Shares

Teams can browse data.all catalog and request access for data assets. data.all shares data between teams securely within and environment and across environments without any data movement.

Concepts

Share request or Share Object: one for each dataset and requester team.
Share Item refers to the individual Redshift table, Glue table, folder or S3 Bucket that is added to the Share request.

Shareable items

In data.all there are 2 types of datasets: S3 Datasets and Redshift Datasets. Here is an overview of the items that can be shared using data.all by type of dataset. A detailed explanation of the technical details for each type can be found in the AWS data sharing technical details section.

From S3 Datasets we can share:
- S3 Bucket of the Dataset - using IAM permissions and S3/KMS policies
- one or multiple Glue Tables (Tables) - using [Lake Formation](Lake Formation sharing feature) to create access permissions to tables, meaning that no data is copied between AWS accounts.
- one or multiple S3 Prefixes (Folders) - using S3 access points to manage granular S3 policies.
From Redshift Datasets we can share:
- one or multiple Redshift Tables - using Redshift datashares

Sharing workflow

Requesters create a share request and add items to it.

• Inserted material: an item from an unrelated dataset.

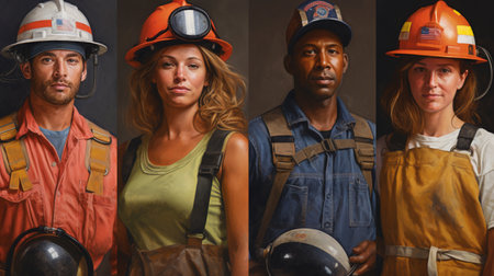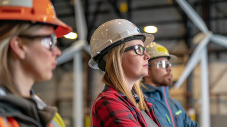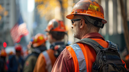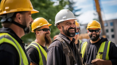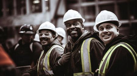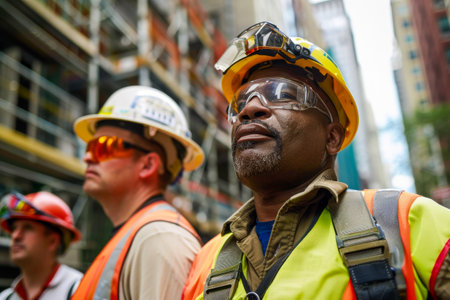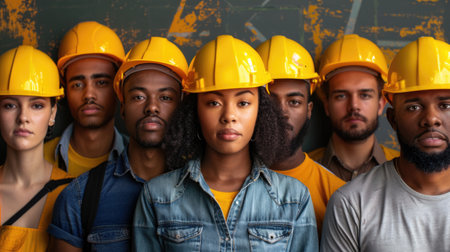A group of construction workers in bluecollar workwear, helmets, and safety goggles gather at the site, ready to work with their personal protective equipment

Both requesters and approvers can work on this DRAFT of the request and add and delete items to the request Draft. Items that are added go to the PENDINGAPPROVAL status.

Once the draft is ready, requesters submit the request, which moves to the SUBMITTED status. Then, approvers approve or reject the request which will go to APPROVED or REJECTED status and its items to SHARE_APPROVED or SHARE_REJECTED correspondingly.

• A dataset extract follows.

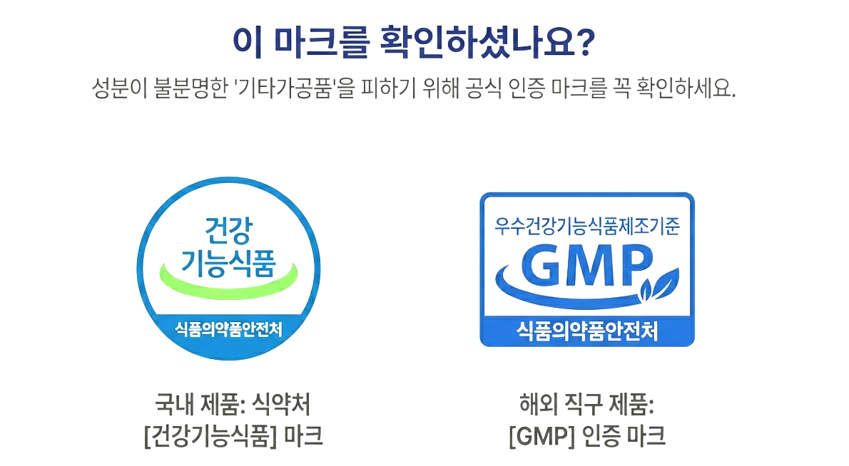 직구 제품 중에는 성분 함량이 불분명한 '기타가공품'도 많아요. 국내 제품을 산다면 식약처의 [건강기능식품] 마크가 있는지, 직구라면 GMP 인증 마크가 있는지 꼭 확인하세요.

When the sharing task starts in the backend, both items and the share object move to SHARE_IN_PROGRESS. Once all items have been processed, the Share object is PROCESSED and each of the items is in either SHARE_SUCCEEDED or SHARE_FAILED. New items can be added to the share requests, the request will go back to DRAFT to be re-processed.

Both approvers and requesters can revoke access to shared items. They open the revoke items window and select which items should be revoked from the share request. The items move to REVOKE_APPROVED while the share is in REVOKED status.

While the revoking task is executing, the items and the request remain in REVOKE_IN_PROGRESS until the revoke is complete and items go to REVOKE_FAILED or SUCCEEDED. If there are share items in PENDINGAPPROVAL in the share request, it will go back to DRAFT. Otherwise, it will go to PROCESSED.

Requesters can delete the share request with the delete button. However, the request cannot contain any shared items. Users must revoke all shared items before deletion.

On left pane choose Catalog then Search for the table you want to access. Click on the lock icon of the selected data asset.

catalog_search

The following window will open. Choose your target environment and team.

share_request_form

If instead of to a team, you want to request access for a Consumption role, add it to the request as in the picture below.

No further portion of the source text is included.